EXERCISE DIRECTIONS. Pictures excluded, reproduce exactly the lines below from the one with "连接测试:smbclient //192.168.21.232/sambatest -U" through the one with "Светоотражающий автоматический спасательный", both included.

MATERIAL SHOWN.
---
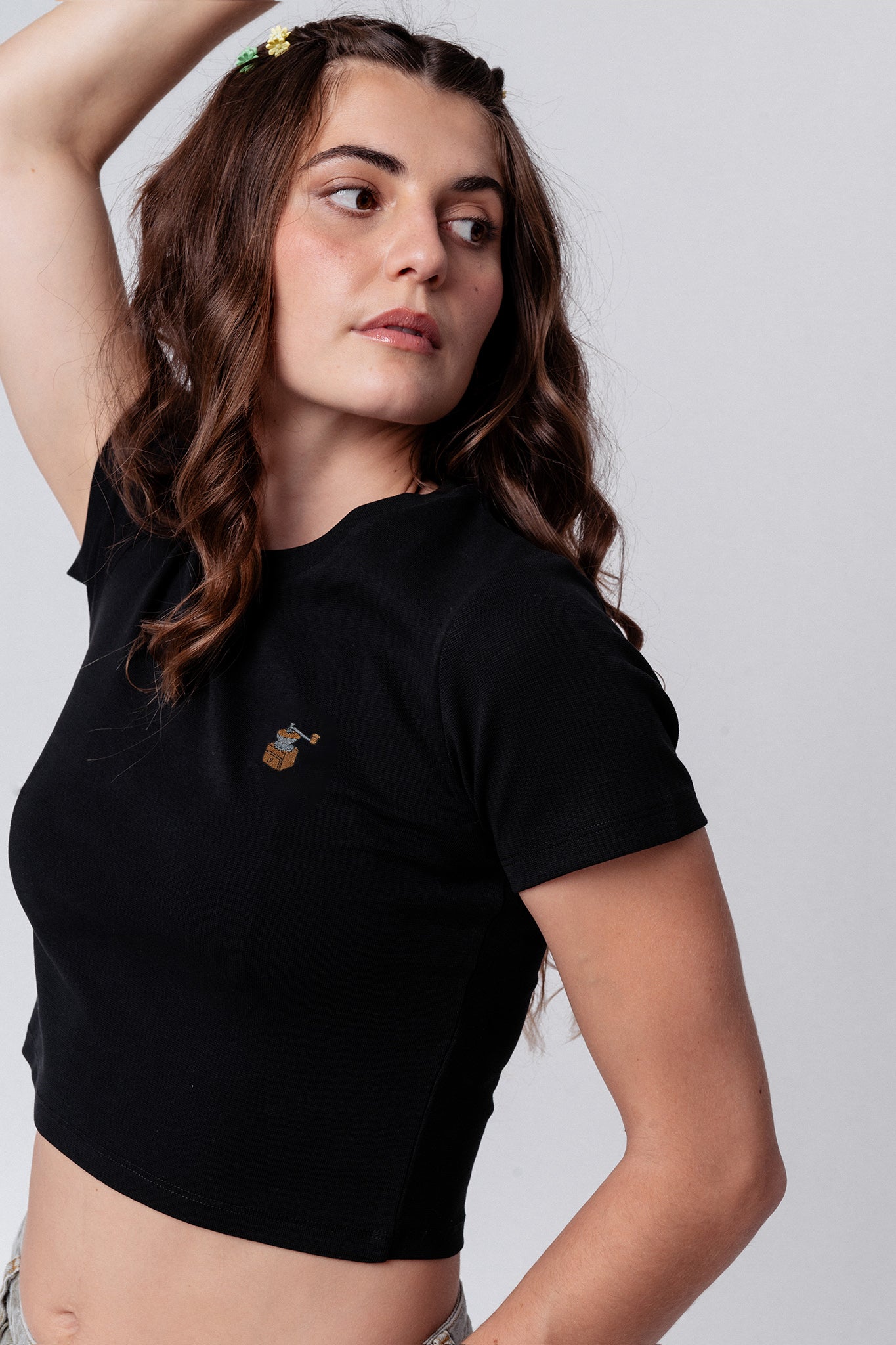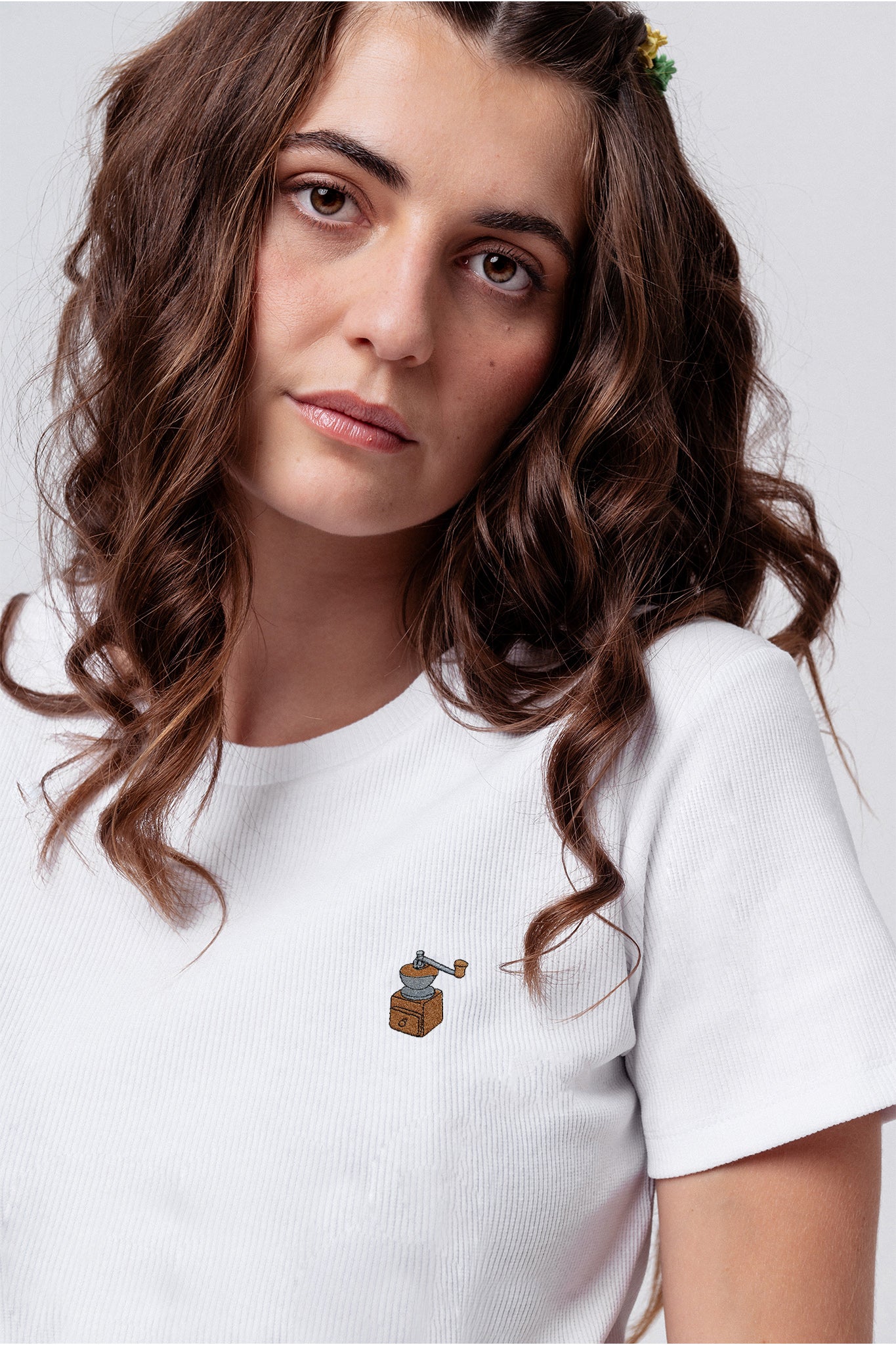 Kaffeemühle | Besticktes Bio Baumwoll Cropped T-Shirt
---
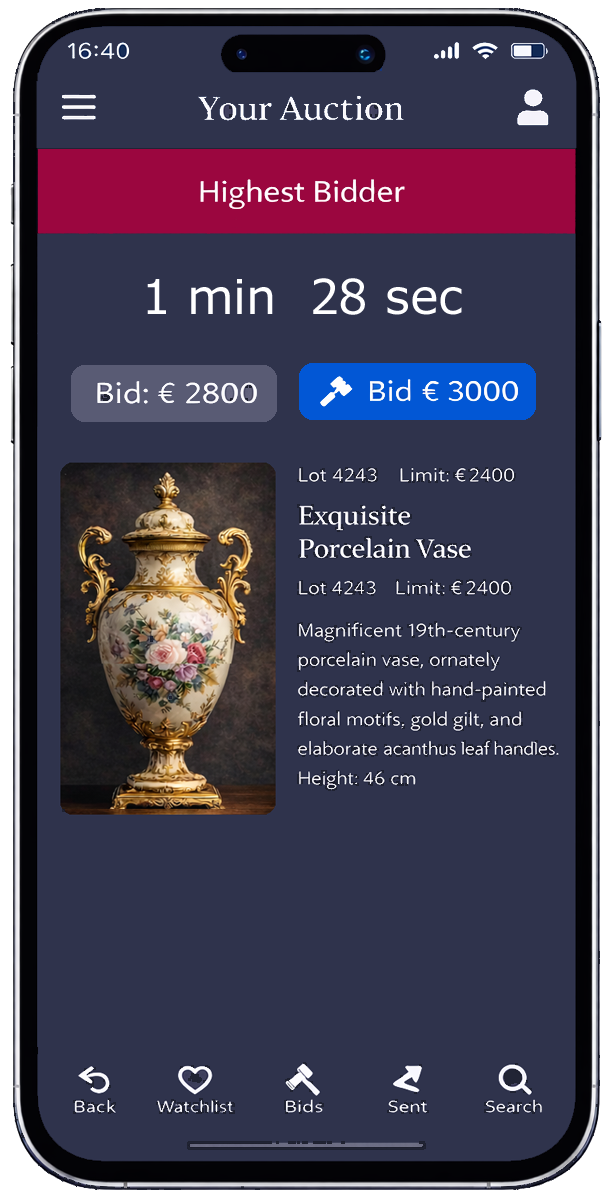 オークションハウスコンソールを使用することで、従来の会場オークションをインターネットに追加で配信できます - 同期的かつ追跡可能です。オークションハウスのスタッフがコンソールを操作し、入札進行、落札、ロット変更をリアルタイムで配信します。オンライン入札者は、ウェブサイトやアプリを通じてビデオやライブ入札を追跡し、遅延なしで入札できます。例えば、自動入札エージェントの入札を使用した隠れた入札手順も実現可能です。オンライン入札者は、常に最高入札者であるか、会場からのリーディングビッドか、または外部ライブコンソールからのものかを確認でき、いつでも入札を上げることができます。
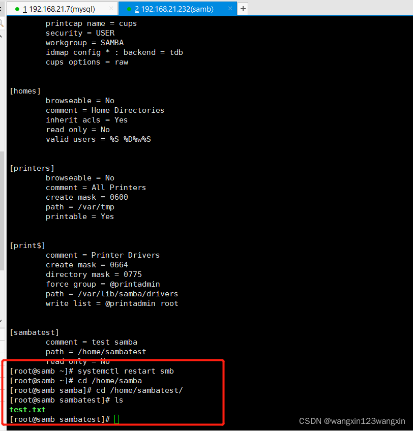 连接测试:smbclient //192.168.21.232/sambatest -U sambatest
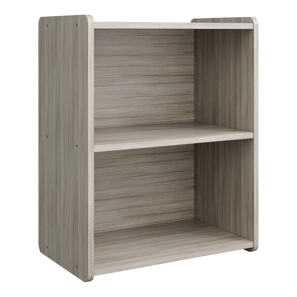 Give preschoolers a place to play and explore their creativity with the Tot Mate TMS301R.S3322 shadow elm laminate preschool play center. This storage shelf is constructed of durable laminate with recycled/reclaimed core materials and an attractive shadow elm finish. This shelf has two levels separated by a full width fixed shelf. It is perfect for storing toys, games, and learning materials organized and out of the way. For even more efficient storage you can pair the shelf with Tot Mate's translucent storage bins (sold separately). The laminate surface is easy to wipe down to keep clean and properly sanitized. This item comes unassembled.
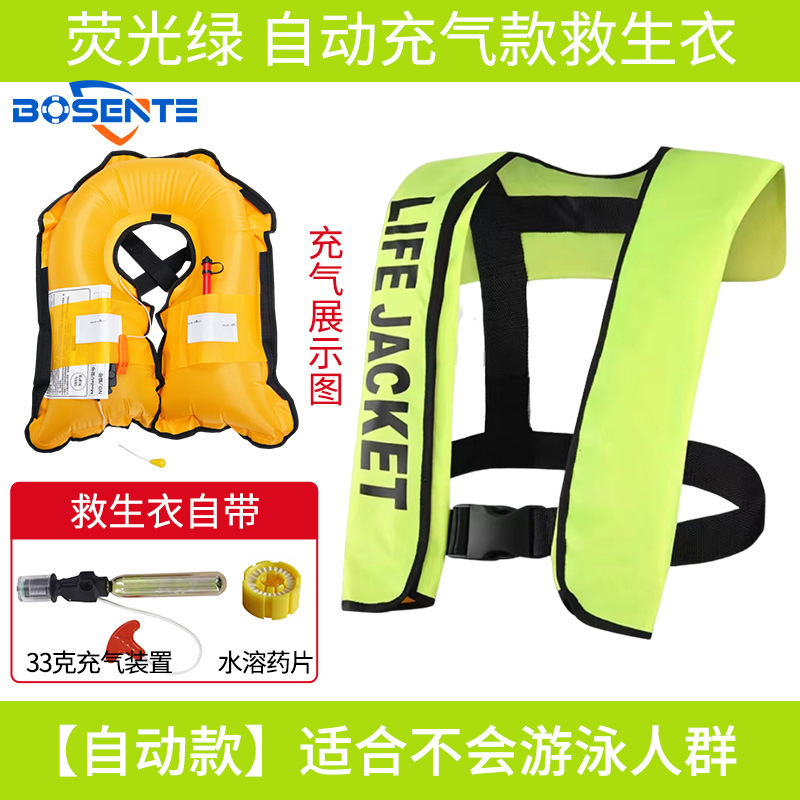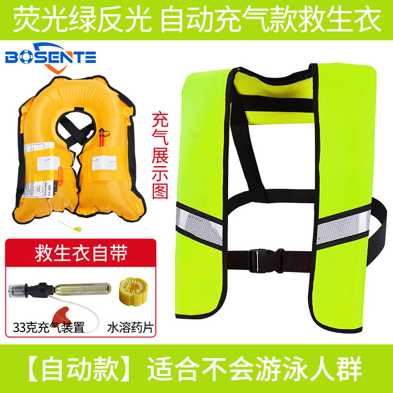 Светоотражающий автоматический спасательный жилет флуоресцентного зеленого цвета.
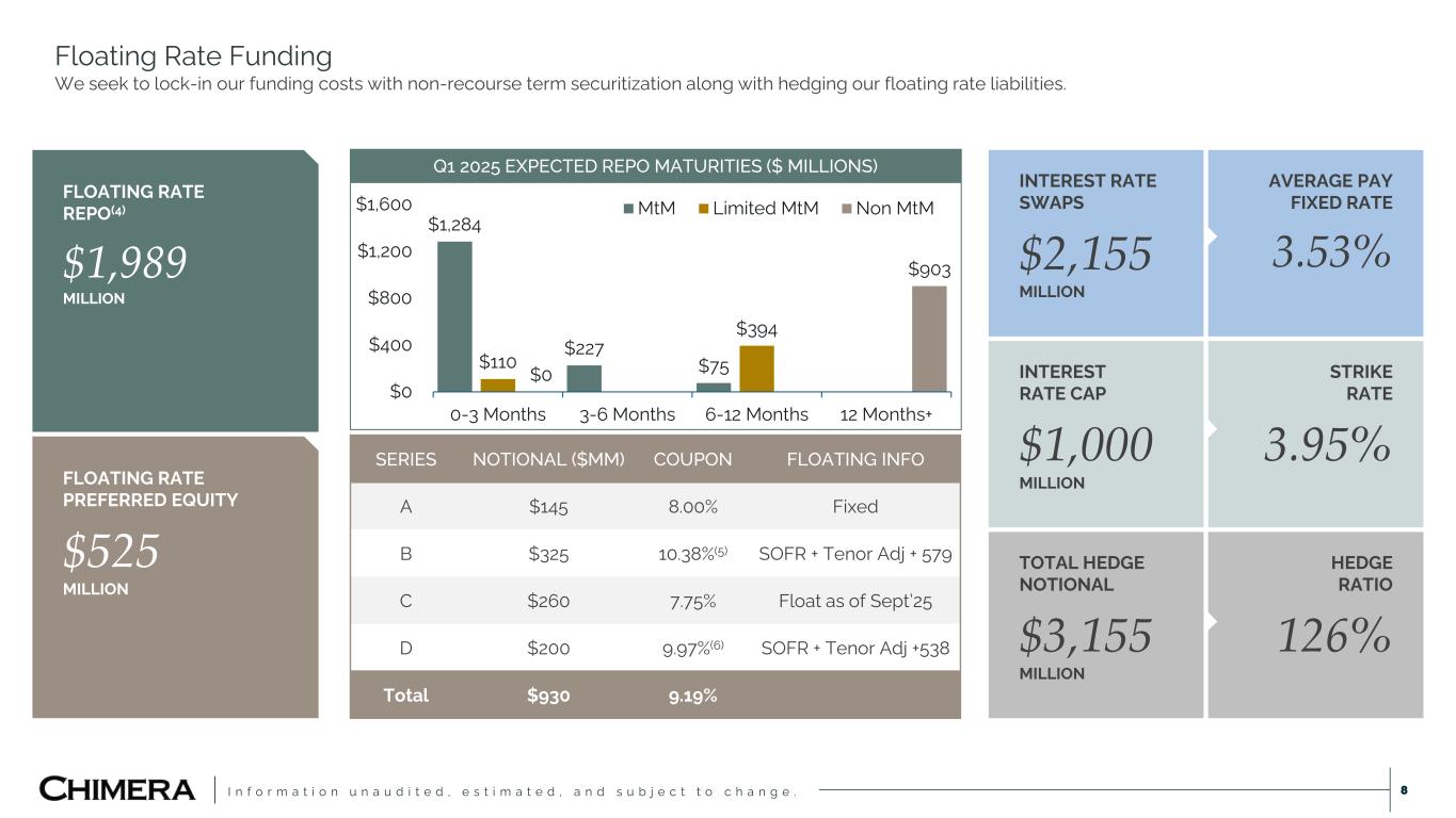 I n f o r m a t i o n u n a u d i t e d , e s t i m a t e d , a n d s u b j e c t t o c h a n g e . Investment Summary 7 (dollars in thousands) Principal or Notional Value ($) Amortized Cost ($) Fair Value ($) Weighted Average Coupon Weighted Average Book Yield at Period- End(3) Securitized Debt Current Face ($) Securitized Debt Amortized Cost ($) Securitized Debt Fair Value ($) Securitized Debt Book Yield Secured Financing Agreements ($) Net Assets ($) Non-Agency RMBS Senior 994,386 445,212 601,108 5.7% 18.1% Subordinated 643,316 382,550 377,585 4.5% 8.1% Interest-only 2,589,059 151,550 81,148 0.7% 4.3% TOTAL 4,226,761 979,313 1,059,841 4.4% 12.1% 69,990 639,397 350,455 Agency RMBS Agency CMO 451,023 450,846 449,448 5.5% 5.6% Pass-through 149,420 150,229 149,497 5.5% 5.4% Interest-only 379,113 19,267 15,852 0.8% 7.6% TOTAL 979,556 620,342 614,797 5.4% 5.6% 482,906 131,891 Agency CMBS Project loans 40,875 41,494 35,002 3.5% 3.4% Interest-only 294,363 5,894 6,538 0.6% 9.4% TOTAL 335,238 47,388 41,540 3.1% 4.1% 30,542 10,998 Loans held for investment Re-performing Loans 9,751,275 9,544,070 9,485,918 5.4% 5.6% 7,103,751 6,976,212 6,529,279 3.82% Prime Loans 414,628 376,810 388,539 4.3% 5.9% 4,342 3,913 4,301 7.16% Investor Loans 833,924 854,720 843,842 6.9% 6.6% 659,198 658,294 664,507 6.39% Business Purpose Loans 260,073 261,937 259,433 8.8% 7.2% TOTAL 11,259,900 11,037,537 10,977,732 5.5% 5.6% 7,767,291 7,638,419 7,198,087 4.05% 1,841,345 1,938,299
---
SOLUTION FOR THIS PROBLEM.
 连接测试:smbclient //192.168.21.232/sambatest -U sambatest
 Give preschoolers a place to play and explore their creativity with the Tot Mate TMS301R.S3322 shadow elm laminate preschool play center. This storage shelf is constructed of durable laminate with recycled/reclaimed core materials and an attractive shadow elm finish. This shelf has two levels separated by a full width fixed shelf. It is perfect for storing toys, games, and learning materials organized and out of the way. For even more efficient storage you can pair the shelf with Tot Mate's translucent storage bins (sold separately). The laminate surface is easy to wipe down to keep clean and properly sanitized. This item comes unassembled.
 Светоотражающий автоматический спасательный жилет флуоресцентного зеленого цвета.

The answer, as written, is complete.